Arab states condemned US President Donald Trump's Jerusalem decision last week, and vowed to press international bodies to take action against it.

A handout picture provided by the PPO shows Egyptian President Abdel Fattah al-Sisi meeting with Palestinian leader Mahmoud Abbas in Cairo on May 9, 2016 (photo credit: AFP PHOTO / PPO / THAER GHANAIM)
A handout picture provided by the PPO shows Egyptian President Abdel Fattah al-Sisi meeting with Palestinian leader Mahmoud Abbas in Cairo on May 9, 2016
(photo credit: AFP PHOTO / PPO / THAER GHANAIM)

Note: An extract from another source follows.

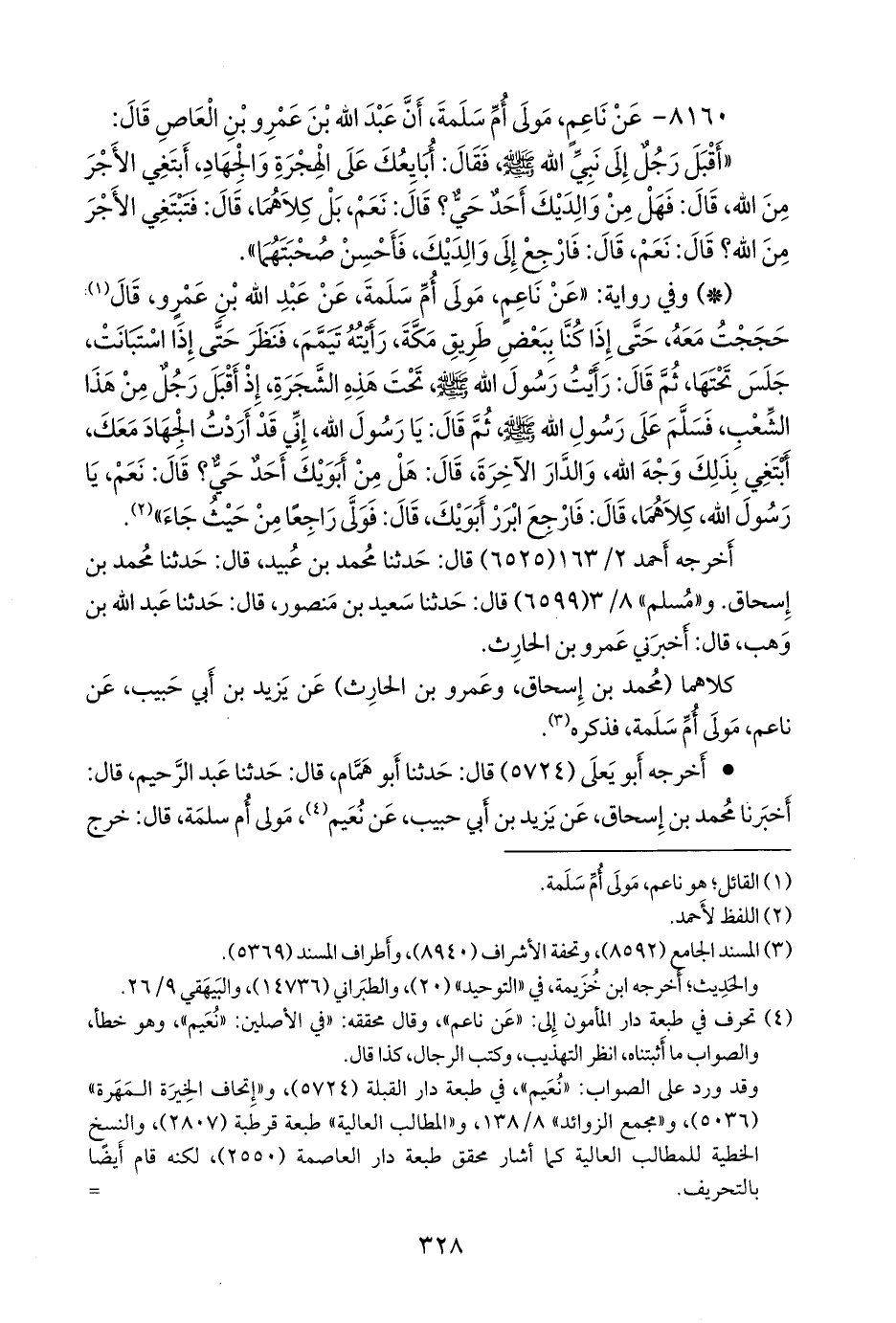 (¬١) في طبعتي دار المأمون والتأصيل لـ «مسند أبي يعلى»، وطبعتي «المقصد العلي»، و «المطالب العالية» طبعة العاصمة: «عن ناعم»، وأقر محققو هذه الطبعات أنه في النسخ الخطية لهذه الكتب: «عن نعيم»، فقاموا بإفساد ذلك بدعوى الإصلاح، نعم هو في كتب التراجم، ومصادر تخريج الحديث: «ناعم»، ولكننا هنا لا نحقق كتب التراجم والمصادر، بل ندقق هذه الرواية فقط، والتي خالفَت جميع مصادر التخريج، ففيها أيضًا: «عبد الله بن عُمر»، وفي جميع مصادر تخريج الحديث: «عبد الله بن عَمرو»، والحمد لله أنهم لم يحرفوها أيضًا، والتحقيق هو إثبات ما ورد في الرواية والأصول وإن كان خطأً.

CAIRO - Palestinian President Mahmoud Abbas on Monday intensified efforts to rally Middle Eastern countries against US recognition of Jerusalem as Israel's capital, setting up talks with Arab leaders beginning in Cairo.

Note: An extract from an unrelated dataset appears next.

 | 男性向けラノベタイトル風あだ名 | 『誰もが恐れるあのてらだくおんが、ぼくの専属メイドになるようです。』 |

Abbas will meet President Abdel Fattah al-Sisi of Egypt, which has been a key broker in past peace talks with Israel and between fighting Palestinian factions, before heading for Istanbul to give a speech, his office said.

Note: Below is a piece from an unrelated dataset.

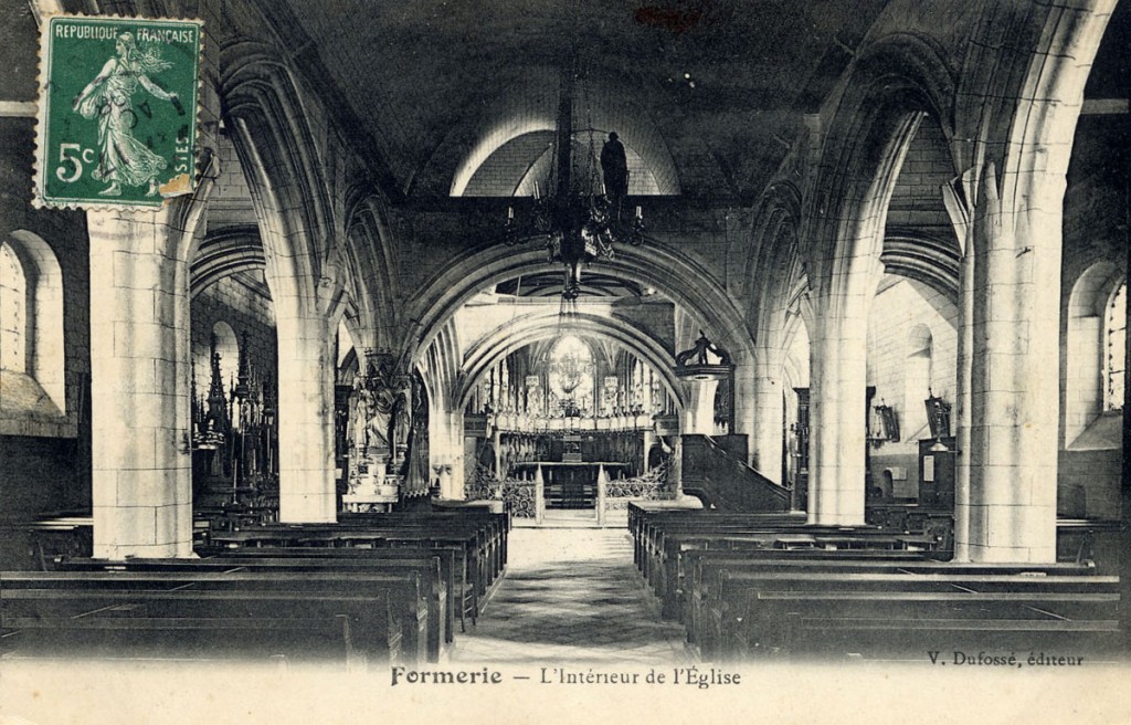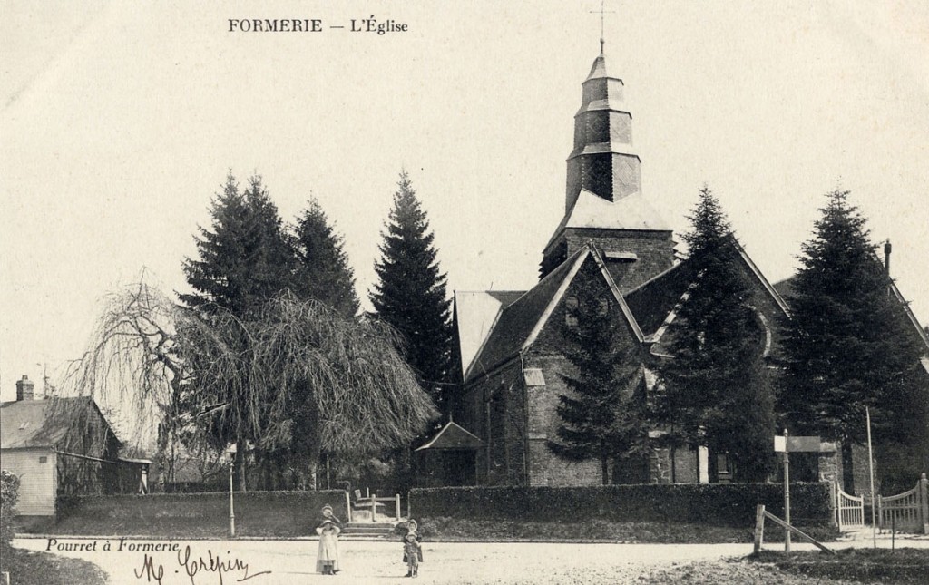 Bourg d’une certaine importance au Moyen Age et siège d’une seigneurie qui passa entre de nombreuses mains au gré des héritages, Formerie a été détruit par un incendie survenu en 1703 et sera, de nouveau, durement touché lors de l’attaque allemande de juin 1940. Préludant à ce désastre, c’est un incendie survenu dans la nuit du 5 au 6 décembre 1933 qui anéantissait presque complètement l’église Notre-Dame. Composée jusque-là d’une nef aveugle avec bas-côtés et d’un choeur à cinq pans, plus élevé, elle était entièrement charpentée et remontait au 16ème siècle.

Arab states condemned US President Donald Trump's Jerusalem decision last week, and vowed to press international bodies to take action against it, without announcing any concrete measures.
"Daring Palestinian and Arab decisions are required in the coming stage, which is very important," Abbas's spokesman Nabil Abu Rdainah told Palestinian official news agency WAFA.
World powers have warned the US move will impede peace efforts in the decades-long Israeli-Palestinian conflict as anger spreads across the region.
Abbas will not meet Mike Pence during the US Vice President's visit to the region later this month, Palestinian Foreign Minister Riyad al-Maliki said on Saturday.
Egypt's top Muslim and Christian religious leaders also said they would not meet Pence.
Abbas is expected to make a statement after his meeting with Sisi, the Palestinian embassy in Cairo said, without giving details.
Egypt, along with Jordan a key US ally in the region which has helped broker past peace deals and has good relations with Israel, has said the Jerusalem move undermines efforts to end the conflict.
It has also brokered reconciliation deals between Abbas's Fatah party and Gaza-based Islamist group Hamas, which called for a new uprising against Israel last week.
The planned handover of control of Gaza to the Fatah-dominated Palestinian Authority under the latest deal hit another delay on Sunday over "obstacles," a Hamas spokesman said, without elaborating.
Israel launched fresh air strikes in Gaza on Saturday in response to rocket fire from the enclave, where it fought a war in 2014 which killed more than 2,000 people, most of them civilians.